Mahkemece, iddia, savunma ve dosya kapsamına göre, davacının davalı bankada bulunan mevduat hesabından toplam 18.410,79 TL mevduatının sahte kimlik ve belgeler kullanılmak sureti ile çekilmiş olduğu, İstanbul 16. Asliye Ticaret Mahkemesi'nin 2011/23 Esas sayılı kesinleşen dosyasında davacının 5.166,93 TL'sinin hüküm altına alındığı, işbu davada geriye 13.243,86 TL bakiyesinin kalmış olduğu gerekçesiyle davanın kabulü ile 13.243,86 TL’nın dava tarihinden itibaren avans faizi ile birlikte davalıdan tahsiline karar verilmiştir.

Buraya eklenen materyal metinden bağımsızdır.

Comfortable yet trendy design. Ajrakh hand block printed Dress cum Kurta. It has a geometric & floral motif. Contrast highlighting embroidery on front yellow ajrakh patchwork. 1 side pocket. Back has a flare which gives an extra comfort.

Kararı taraf vekilleri temyiz etmiştir.
1-Dosyadaki yazılara, mahkemece uyulan bozma kararı gereğince hüküm verilmiş olmasına ve delillerin takdirinde bir isabetsizlik bulunmamasına göre, davalı vekilinin bütün temyiz itirazları yerinde değildir.

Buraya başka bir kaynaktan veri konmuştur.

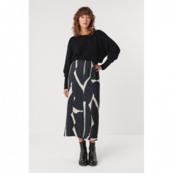 Pleated fabric flared midi skirt with elastic waistband for easy on and off.
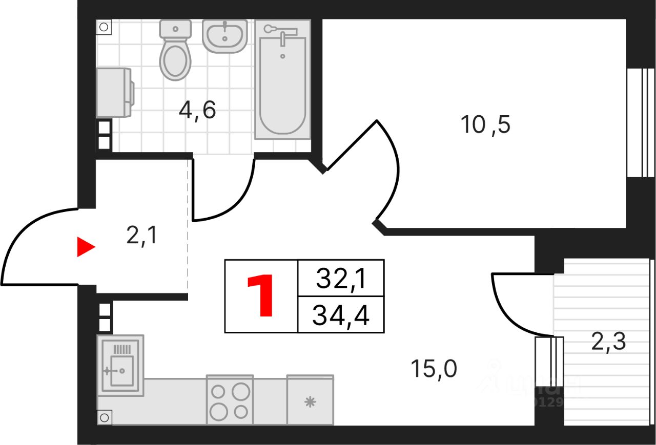 Продаётся 1-комнатная квартира в строящемся доме (Дом 1.1), срок сдачи: IV-кв. 2026, общей площадью 34.4 кв.м., на 4 этаже.
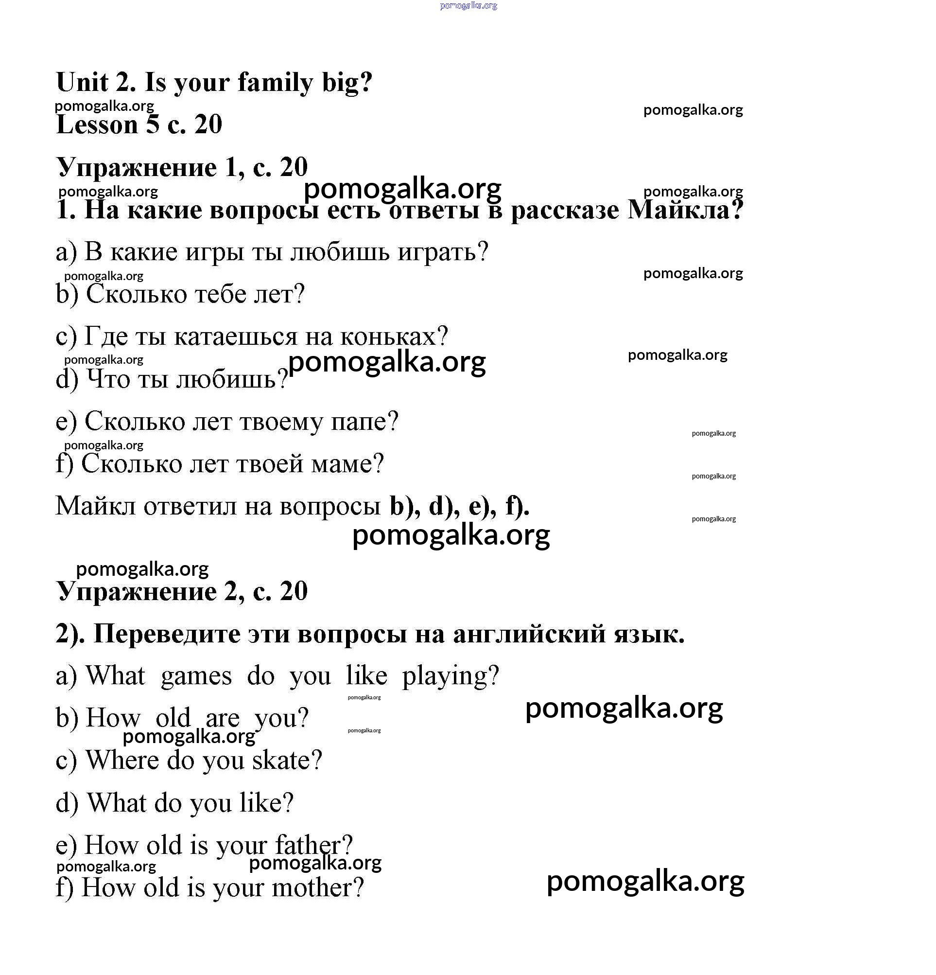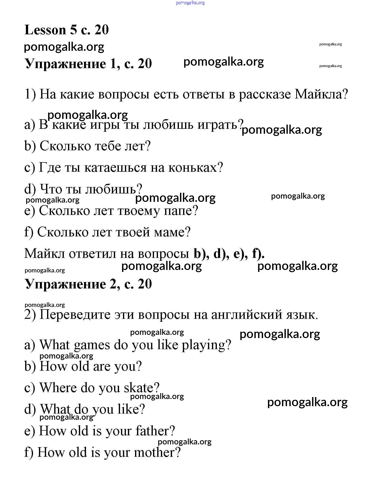 Готовые ответы - Английский язык 3 класс Кузовлёв (рабочая тетрадь) - unit 2 (lesson) Lesson 5 (страница 20)

2-Dava, davacı hesabından sahte kimlikle çekilen paranın istirdadı istemine ilişkin olup, mahkemece yukarıda özetlenen gerekçe ile davanın kabulüne karar verilmiştir.

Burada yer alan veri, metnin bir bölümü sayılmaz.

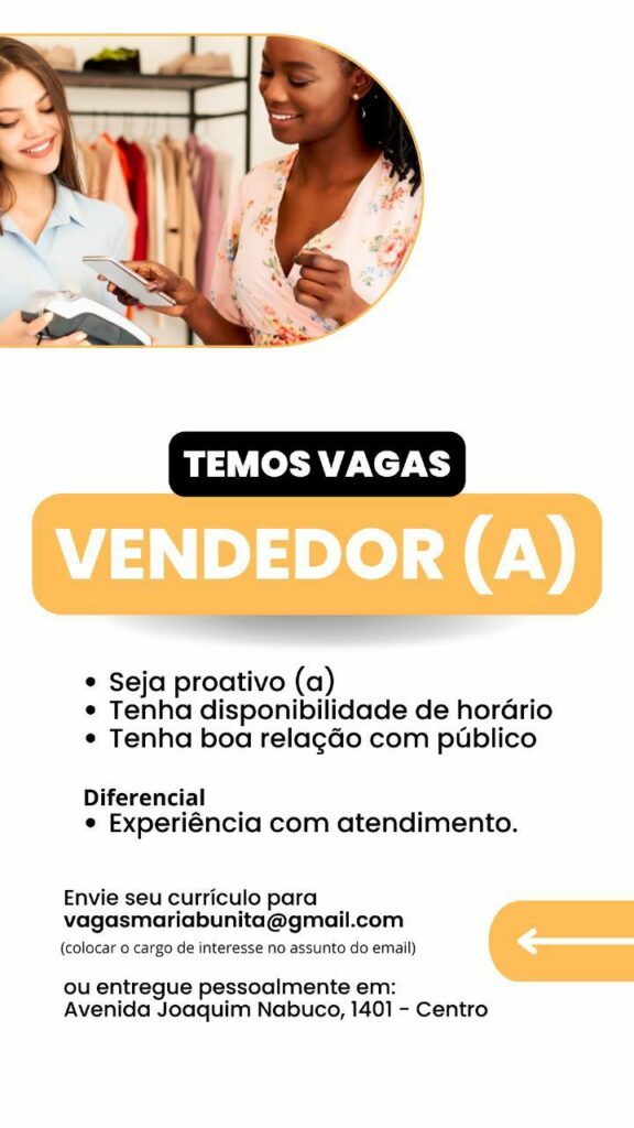 Empresa está selecionando Vendedoras; Envie seu currículo!

Dava dilekçesinde, İstanbul 16. Asliye Ticaret Mahkemesi'nin 2011/23 esas numarası üzerinden görülen ve kesinleşen davada asıl alacak olarak belirlenen 18.410,79 TL’den, bakiye kalan 13.243,86 TL’nın yine İstanbul 16. Asliye Ticaret Mahkemesi'nin 2011/23 esas numaralı dosyasının dava tarihi itibariyle işleyecek avans faizi ile tahsili talep edilmiş, mahkemece temyize konu işbu dava tarihinden itibaren işleyecek avans faizi ile tahsil hükmü kurulmuştur. Ancak davacının İstanbul 16. Asliye Ticaret Mahkemesi'nin 2011/23 esas numaralı dosyasındaki talebinin dava tarihi itibari ile avans faizi ile tahsili şeklinde olması, yine bu dosya kapsamında davalının 07.01.2006 tarihinde temerrüde düştüğünün kabulü yönünde hüküm kurulması ve bu tarihten dava tarihine kadar olan temerrüt faizinin ayrıca hesaplanmış ve hüküm altına alınmış olması nedeniyle davacının İstanbul 16. Asliye Ticaret Mahkemesinin 2011/23 esas numaralı dava tarihi itibariyle temerrüt faizi talep edebileceği gözetilmeksizin hüküm kurulması doğru olmamış ise de anılan hususun yeniden yargılama gerektirmeyeceği kabulü ile hükmün düzeltilerek onanması gerekmiştir.
SONUÇ: Yukarıda (1) numaralı bentte açıklanan nedenlerle, davalı vekilinin temyiz istemlerinin REDDİNE, (2) numaralı bentte açıklanan nedenlerle davacı temyiz itirazlarının kabulü ile hükmün 1 numaralı hüküm fıkrasından “dava” ibaresinin çıkartılıp, yerine “11.12.2006” ibaresi eklenmesi suretiyle DÜZELTİLEREK ONANMASINA, ödediği peşin temyiz harcının isteği halinde temyiz eden davacıya iadesine,
davalıdan harç alınmasına yer olmadığına, 06/04/2022 tarihinde oybirliğiyle karar verildi.